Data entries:
::::::::

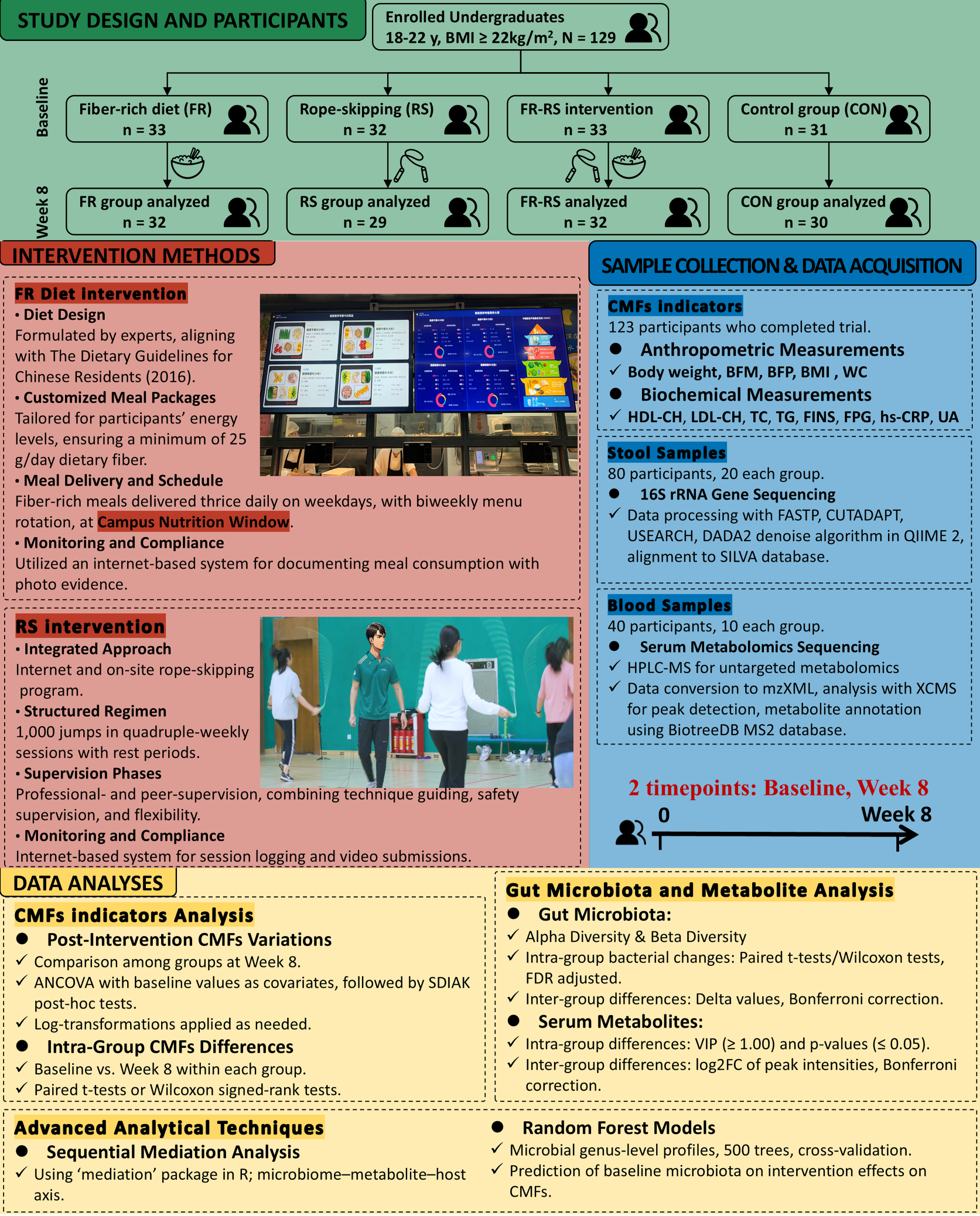 这些发现不仅揭示了肠道菌群及代谢物在饮食、运动干预中的关键作用,还为探索CMFs的个性化精准健康干预策略提供了科学依据,并强调了以肠道菌群特征为核心的干预设计在未来临床实践中的潜力。
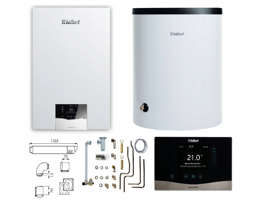 Pakiet: Kocioł kondensacyjny VAILLANT VC 20CS/1-5 20kW + zasobnik VIH R 120/6 B + zestaw podłączeniowy VIH + sterownik sensoCOMFORT 720 + zestaw do szachtu 0010043619
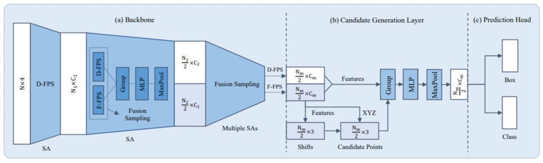 除了CVPR会议,在IROS和ICRA机器人相关的会议上也有很多这方面的研究,其中有一篇在F-pointnet上做出更细致的优化的文章F-ConvNet也是很优秀的工作,有兴趣的同学可以去了解下;这里直接介绍今年CVPR20上的基于Pointrepresentation的文章 3D-SSD,如下图所示,平平无奇的一阶段encoder过程,也就是把pointnet++的decoder部分给去除掉(这样做的目的是减少网络前馈时间,在KITTI上达到35FPS),本文的最主要的贡献点在于将Pointnet++的采样方法由欧式空间度量改为特征空间度量和欧式空间度量相结合的方法,同样的也采用了anchor-free的设计方法,使得显存占用更少。
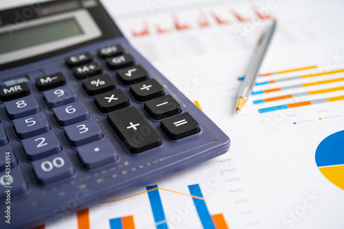Calculator on graph paper. Finance development, Banking Account, Statistics, Investment Analytic research data economy, Stock exchange trading, Business company concept.
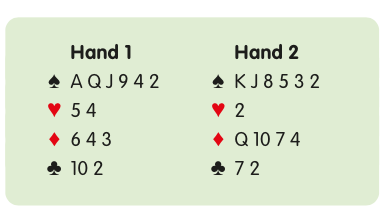 Playing weak twos, you open 2♠ on hands like these:

::::::::

## What you are asked to do:
Leave out the pictures, then give all the records again exactly.

## Solution to the problem:
 这些发现不仅揭示了肠道菌群及代谢物在饮食、运动干预中的关键作用,还为探索CMFs的个性化精准健康干预策略提供了科学依据,并强调了以肠道菌群特征为核心的干预设计在未来临床实践中的潜力。
 Pakiet: Kocioł kondensacyjny VAILLANT VC 20CS/1-5 20kW + zasobnik VIH R 120/6 B + zestaw podłączeniowy VIH + sterownik sensoCOMFORT 720 + zestaw do szachtu 0010043619
 除了CVPR会议,在IROS和ICRA机器人相关的会议上也有很多这方面的研究,其中有一篇在F-pointnet上做出更细致的优化的文章F-ConvNet也是很优秀的工作,有兴趣的同学可以去了解下;这里直接介绍今年CVPR20上的基于Pointrepresentation的文章 3D-SSD,如下图所示,平平无奇的一阶段encoder过程,也就是把pointnet++的decoder部分给去除掉(这样做的目的是减少网络前馈时间,在KITTI上达到35FPS),本文的最主要的贡献点在于将Pointnet++的采样方法由欧式空间度量改为特征空间度量和欧式空间度量相结合的方法,同样的也采用了anchor-free的设计方法,使得显存占用更少。
Calculator on graph paper. Finance development, Banking Account, Statistics, Investment Analytic research data economy, Stock exchange trading, Business company concept.
 Playing weak twos, you open 2♠ on hands like these:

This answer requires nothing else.